[Task item]
Restate, word for word, the run of lines that starts at the line containing "O Cinema e Psicanálise" and ends with the final line of the listing. Leave pictures out.

[Data]
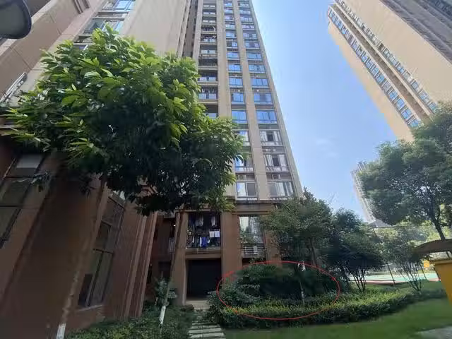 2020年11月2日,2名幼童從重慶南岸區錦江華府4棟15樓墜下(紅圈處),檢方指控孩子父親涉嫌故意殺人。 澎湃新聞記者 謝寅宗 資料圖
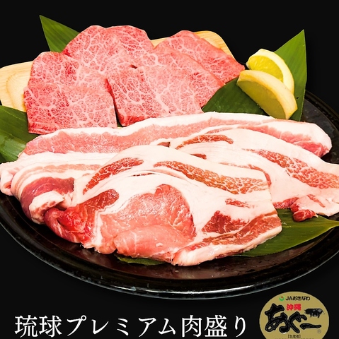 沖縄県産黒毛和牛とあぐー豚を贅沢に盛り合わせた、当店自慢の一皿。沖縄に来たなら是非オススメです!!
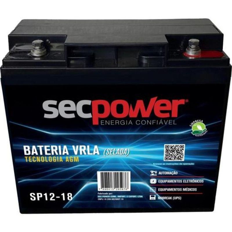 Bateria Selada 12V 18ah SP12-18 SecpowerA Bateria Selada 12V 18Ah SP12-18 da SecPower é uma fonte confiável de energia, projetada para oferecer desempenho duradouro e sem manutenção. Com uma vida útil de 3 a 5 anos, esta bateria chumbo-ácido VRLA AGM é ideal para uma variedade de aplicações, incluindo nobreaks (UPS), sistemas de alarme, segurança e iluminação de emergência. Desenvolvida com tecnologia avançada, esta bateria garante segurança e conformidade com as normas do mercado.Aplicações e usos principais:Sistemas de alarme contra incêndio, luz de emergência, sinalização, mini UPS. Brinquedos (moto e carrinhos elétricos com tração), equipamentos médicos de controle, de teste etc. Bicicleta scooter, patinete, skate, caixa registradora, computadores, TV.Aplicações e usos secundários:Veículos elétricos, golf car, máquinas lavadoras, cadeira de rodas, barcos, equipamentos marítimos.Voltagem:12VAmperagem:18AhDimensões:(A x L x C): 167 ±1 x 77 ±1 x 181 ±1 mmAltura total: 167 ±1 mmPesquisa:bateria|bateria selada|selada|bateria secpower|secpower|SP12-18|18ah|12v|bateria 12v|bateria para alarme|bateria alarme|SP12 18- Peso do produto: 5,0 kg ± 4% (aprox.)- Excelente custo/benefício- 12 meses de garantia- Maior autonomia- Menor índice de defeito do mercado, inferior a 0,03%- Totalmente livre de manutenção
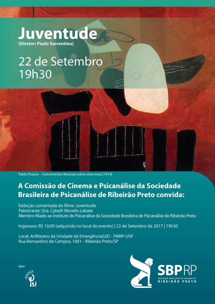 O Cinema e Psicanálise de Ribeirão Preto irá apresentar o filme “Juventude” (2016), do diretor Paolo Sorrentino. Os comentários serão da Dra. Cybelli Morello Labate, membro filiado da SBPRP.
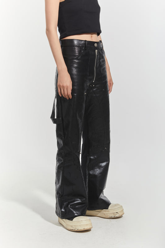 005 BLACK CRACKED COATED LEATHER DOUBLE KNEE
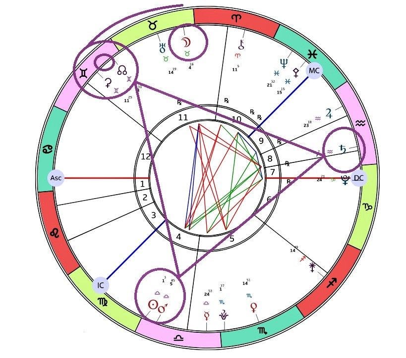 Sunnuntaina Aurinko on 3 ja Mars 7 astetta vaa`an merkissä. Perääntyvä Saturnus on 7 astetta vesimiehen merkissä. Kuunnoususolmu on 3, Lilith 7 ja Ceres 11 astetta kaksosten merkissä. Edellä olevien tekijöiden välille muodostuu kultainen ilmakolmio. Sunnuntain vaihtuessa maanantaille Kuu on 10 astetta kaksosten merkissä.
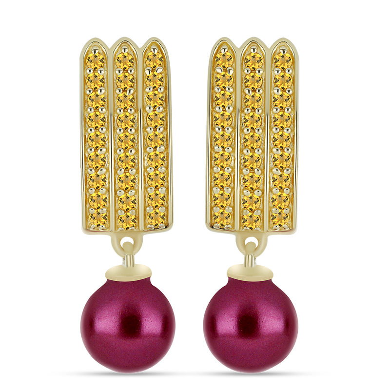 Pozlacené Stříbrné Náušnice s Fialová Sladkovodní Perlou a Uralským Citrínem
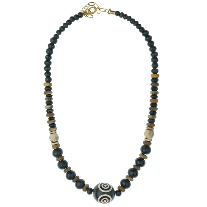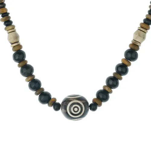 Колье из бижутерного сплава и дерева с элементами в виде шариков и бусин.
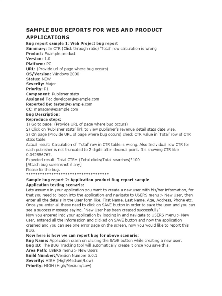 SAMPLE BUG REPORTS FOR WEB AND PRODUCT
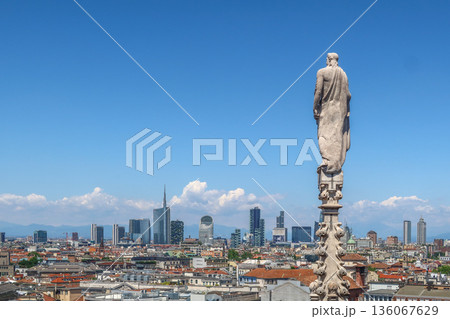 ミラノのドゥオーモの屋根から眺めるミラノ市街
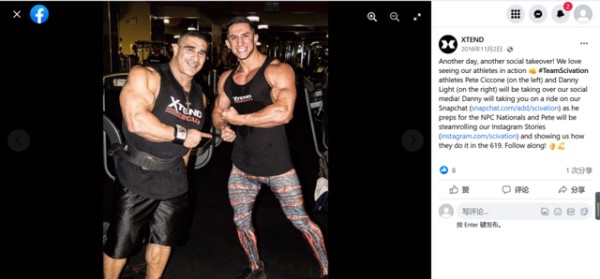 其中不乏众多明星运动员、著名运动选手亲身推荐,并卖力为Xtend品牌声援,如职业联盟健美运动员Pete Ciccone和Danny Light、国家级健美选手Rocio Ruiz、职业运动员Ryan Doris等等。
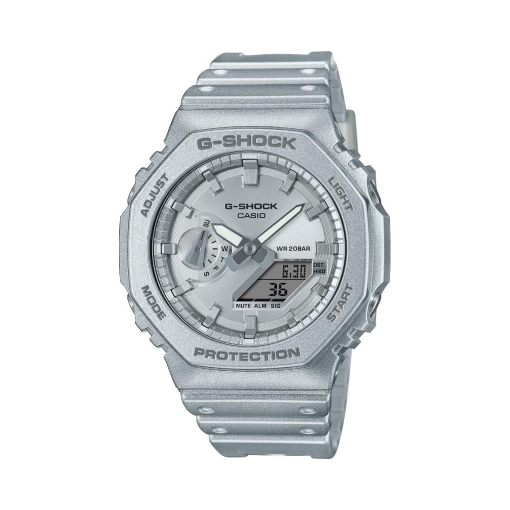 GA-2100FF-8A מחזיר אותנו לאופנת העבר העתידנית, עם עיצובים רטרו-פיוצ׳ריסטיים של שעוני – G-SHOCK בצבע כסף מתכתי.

[Answer area]
 O Cinema e Psicanálise de Ribeirão Preto irá apresentar o filme “Juventude” (2016), do diretor Paolo Sorrentino. Os comentários serão da Dra. Cybelli Morello Labate, membro filiado da SBPRP.
 005 BLACK CRACKED COATED LEATHER DOUBLE KNEE
 Sunnuntaina Aurinko on 3 ja Mars 7 astetta vaa`an merkissä. Perääntyvä Saturnus on 7 astetta vesimiehen merkissä. Kuunnoususolmu on 3, Lilith 7 ja Ceres 11 astetta kaksosten merkissä. Edellä olevien tekijöiden välille muodostuu kultainen ilmakolmio. Sunnuntain vaihtuessa maanantaille Kuu on 10 astetta kaksosten merkissä.
 Pozlacené Stříbrné Náušnice s Fialová Sladkovodní Perlou a Uralským Citrínem
 Колье из бижутерного сплава и дерева с элементами в виде шариков и бусин.
 SAMPLE BUG REPORTS FOR WEB AND PRODUCT
 ミラノのドゥオーモの屋根から眺めるミラノ市街
 其中不乏众多明星运动员、著名运动选手亲身推荐,并卖力为Xtend品牌声援,如职业联盟健美运动员Pete Ciccone和Danny Light、国家级健美选手Rocio Ruiz、职业运动员Ryan Doris等等。
 GA-2100FF-8A מחזיר אותנו לאופנת העבר העתידנית, עם עיצובים רטרו-פיוצ׳ריסטיים של שעוני – G-SHOCK בצבע כסף מתכתי.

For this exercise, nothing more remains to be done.